Carefully analyzing the equation it's clear that the value of x^2 will finally be added to 256. In order to have less least value for y , x has to be minimum.

Option E fits.

hi,

I am taking with my solution on this question, because other posts have provided different solutions within quant concept skill set of GRE

Withous calculus use and derivative of \(y = x^2 - 32x + 256\) set equal to zero, it's practical to factorize the equation firstly

\(y = x^2 - 32x + 256 = (x-16)^2\), when \(y=0\), x-intercept will be 16 and this is the only intercept here

hence, x-intercept accomodates also the minimum value of \(y\) and it's 0

We can clearly see the the coefficient of the linear term (-32) and the constant term (256) can be obtained by adding -16 to itself and multiplying -16 by itself respectively.

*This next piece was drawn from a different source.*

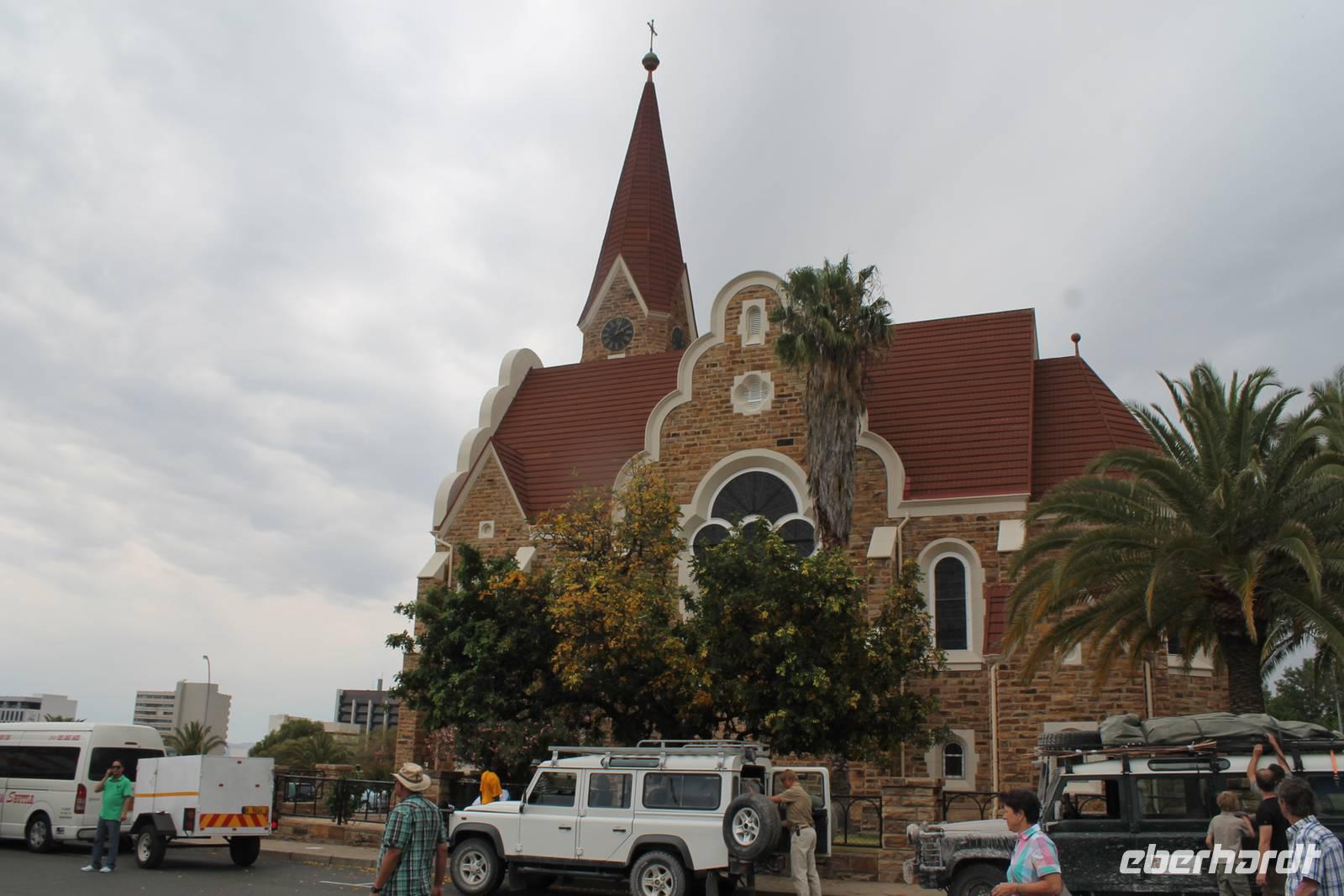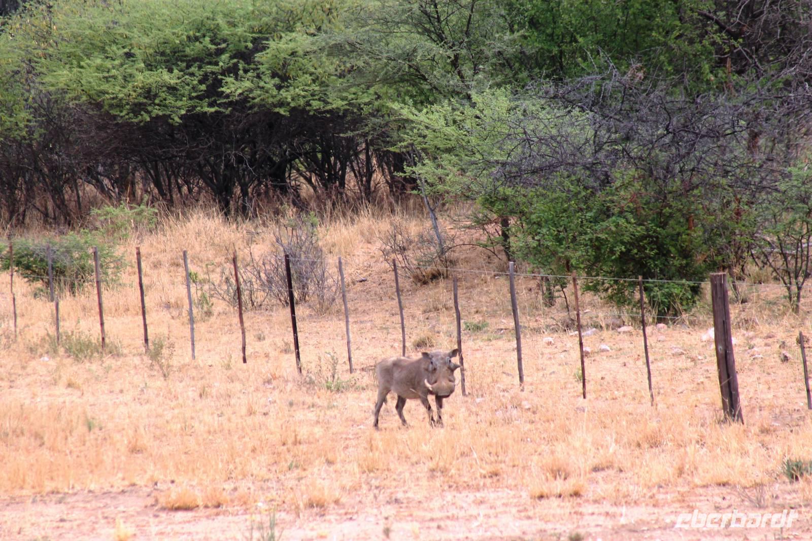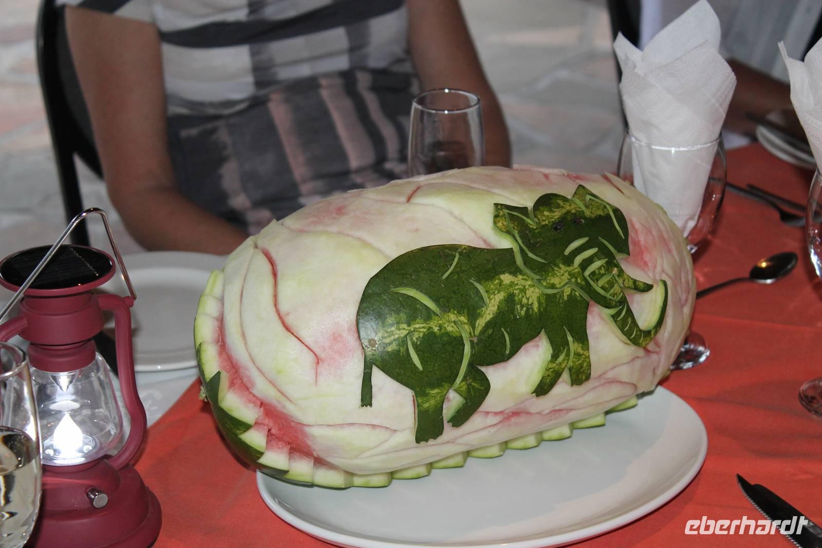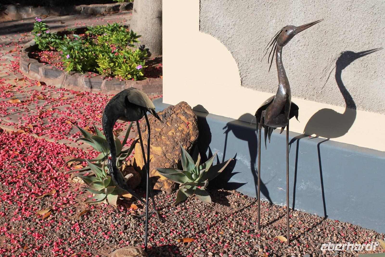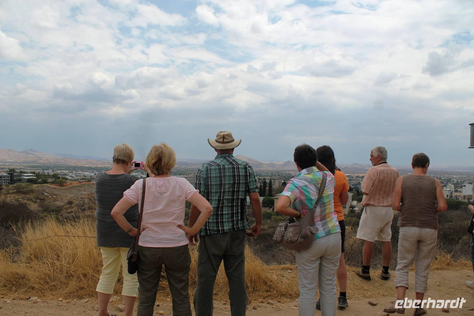 Heute begann der letzte Tag und der Abschied vom wundervollen Namibia rückte in greifbare Nähe. Auch der Himmel fing an zu weinen. Dennoch war der Regen ein Segen für das Land, nach der langen Trockenzeit, also freuten wir uns mit. Auf Asphalt ging es schnell voran. Unterwegs wollten wir unbedingt noch Warzenschweine auf unseren Fotos verewigen, denn die fehlten noch in unserer Sammlung. Leider waren die cleveren Kerlchen zu schnell für uns. Eben noch genüsslich am Strassenrand grasend, verschwanden sie geschwind in den Büschen, sobald unser Truck kurz anhielt. Am Anfang war das Spielchen noch ganz unterhaltsam, aber später widmeten wir uns lieber Anekdoten, Geschichten und den lustigen Gedichten von Rudolf (Kostproben von ihm folgen zum Schluss). In Okahandja besichtigten wir die alte Kirche und den Friedhof. Später stürmte ein blinder Passagier unseren Truck. Horst lud ein Chamäleon zur kurzen Mitfahrt ein. Als wir im kleinen Cafe einen Kaffee und einen kleinen Imbiss genossen, hatten wir noch eine überraschende Begegnung mit dem Fernsehkoch, Frank Buchholz vom ARD-Buffet. Sein größter Fan Heidi war überglücklich (wurde natürlich gleich mit einem Selfie protokolliert). In Windhoek angekommen, unternahmen wir eine Rundfahrt durch den bunten, lebendigen Stadtteil (Township) Katutura. Von einem Aussichtpunkt oberhalb der Stadt hatten wir einen fantastischen Ausblick auf die namibische Hauptstadt. Anschließend fuhren wir ins Zentrum von Windhoek hinab. An der Christuskirche stiegen wir aus. Diese war offen und so konnten wir die Kirche auch innen besichtigen. Danach spazierten zum "Tintenpalast" und am Park wieder zurück. Gegenüber auf einen Hügel, sahen wir den futuristischen Bau des neuen Unabhängigkeitsmuseums, davor thront die nagelneue Statue von Sam Nujoma (1. Präsident von Namibia). Auf diesem Platz stand einst der Südwester Reiter, der vor ca. 2 Jahren vor die Feste umgesetzt wurde. Diese Stelle mußte er wiederum räumen, da dort nun ein neues Denkmal steht. Seit dem "reitet" bzw. liegt er im begrenzten Rahmen im Innenhof der Alten Feste, die allerdings verschlossen war. Am Nachmittag wurden wir im Hotel Thule, unserer letzten Station, herzlich empfangen. Von Rosalie wurden wir im liebreizenden Deutsch mit jeder Menge Sekt und Kuchen empfangen. Am frühen Abend trafen wir uns auf der Terrasse des Hotels wieder. Der letzte Abend hatte begonnen. Im überdachten Teil nahmen wir an unserer Festtafel Platz. Zur abendlichen Begrüßung wurde uns wiederholt Sekt kredenzt. Das Personal des Hotel "Thule" kennt eben den Geschmack seiner Stammgäste von Eberhardt. Nach einem leckeren Abendmahl schlachteten wir eine eigens für uns desingte Elefanten-Melone. Von Rosalie und dem Thule-Team wurden wir bestens unterhalten. Zum Abschluß stimmten sie die Nationalhymne Namibia an, welch eine Ehre für uns. Es war ein geselliger, schöner Abschlußabend.

Therefore there exists one real root, which is 16.

And the equation will have a value of zero for x=16

Since all values in the choices are positive and zero, zero will be the minimum value for \(y\).

The answer is Choice E.

OR

The discriminant of this equation is \(b^2-4ac\)

\(b^2 = (-32)^2 = (2 \times -16)^2 = (2)^2 \times (-16)^2 = 4 \times 256\)

\(4ac= 4 \times 1 \times 256\)\( = 4 \times 256\)

We note that \(b^2 = 4ac\) so the discriminant is zero. So there should be one real root, the parabola is touching the x-axis at just one place. So the equation will be equal to zero at that point.

So Choice E is correct.

y' = 2x-32
x=16
=> y min at x=16
=> y=0